It is trendy, in dental circles, to talk about the biological cost, in supplement to the financial cost, when discussing treatment planning.
The biologic cost is fraught with misconceptions and has to some extent, been used as a way to try and protect patients from dentistry that is very badly performed.
As invasiveness of a procedure is increased, our responsibility to plan more carefully, inform more carefully, and carry out the treatment more meticulously, increases.
Any incompetence with an invasive procedure obviously can cause the patient significant morbidity.
However, a further cost that is rarely discussed is the distress cost.
For the vast majority of people, dentistry is a distressing procedure. The mouth is a very personal part of the body that normally only our lover or spouse is allowed to touch. To have surgery done in such a personal and sensitive part of the body is not surprisingly, quite emotional and unpleasant for most.
So a further factor that should be considered when treatment planning is not just the financial and biological cost, but also the distress cost.
Some procedures are minimally invasive, but fail quite a lot more quickly, requiring the patient to get them redone again and again. Now for some patients, the distress cost of having procedures done frequently is fine.
However, for others, the cost is very high.

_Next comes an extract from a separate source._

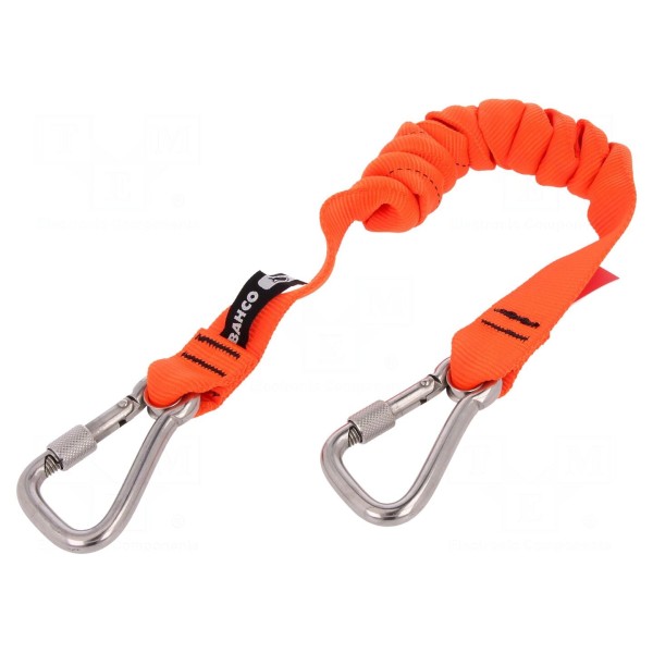 Smycz narzędziowa o długości maksymalnej 1m przeznaczona jest do zabezpieczania sprzętu podczas pracy na wysokości. Konstrukcja akcesorium pozwala na przenoszenie obciążeń do 12kg, co minimalizuje ryzyko przypadkowego upuszczenia narzędzi w trakcie wykonywania zadań.
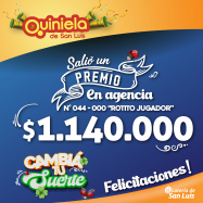 ¡Salió un premio de Quiniela en San Luis! El día Martes 16 de Septiembre, en la Agencia N° 007-000 "La Millonaria" de San Luis, salió un premio de Quiniela de $2.200.000 ¡Felicitaciones al afortunado ganador!

And in this situation, the patient would prefer something that is longer lasting, perhaps even if it is more invasive, to keep repair cycles less frequent.
And examples of this may be porcelain veneers compared to edge bonding in some cases. Or Extraction rather than doing root canal therapy, crown lengthening and post core crown. Or doing a crown rather than a five surface composite.
The number of visits, how soon it will need redoing, and the amount of maintenance necessary are all things that come under the distress cost. A discussion with the patient about these facts should be weighed when deciding dental treatment.
We should also remember that costs are a modifier of dental treatments, never the goal itself.
Our goal is never to be minimally invasive. Or cheap. Or long lasting. The goal should be things like nice smile, function, pain relief and comfort. Our plan then is modified to make it less invasive, or less expensive, or less distressing. However we never focus on modifiers as our primary goal.
For instance "my goal is to make dentistry cheap...oh, and possibly that you are satisfied with the appearance" does not make sense.
So don't just focus on financial or biological costs.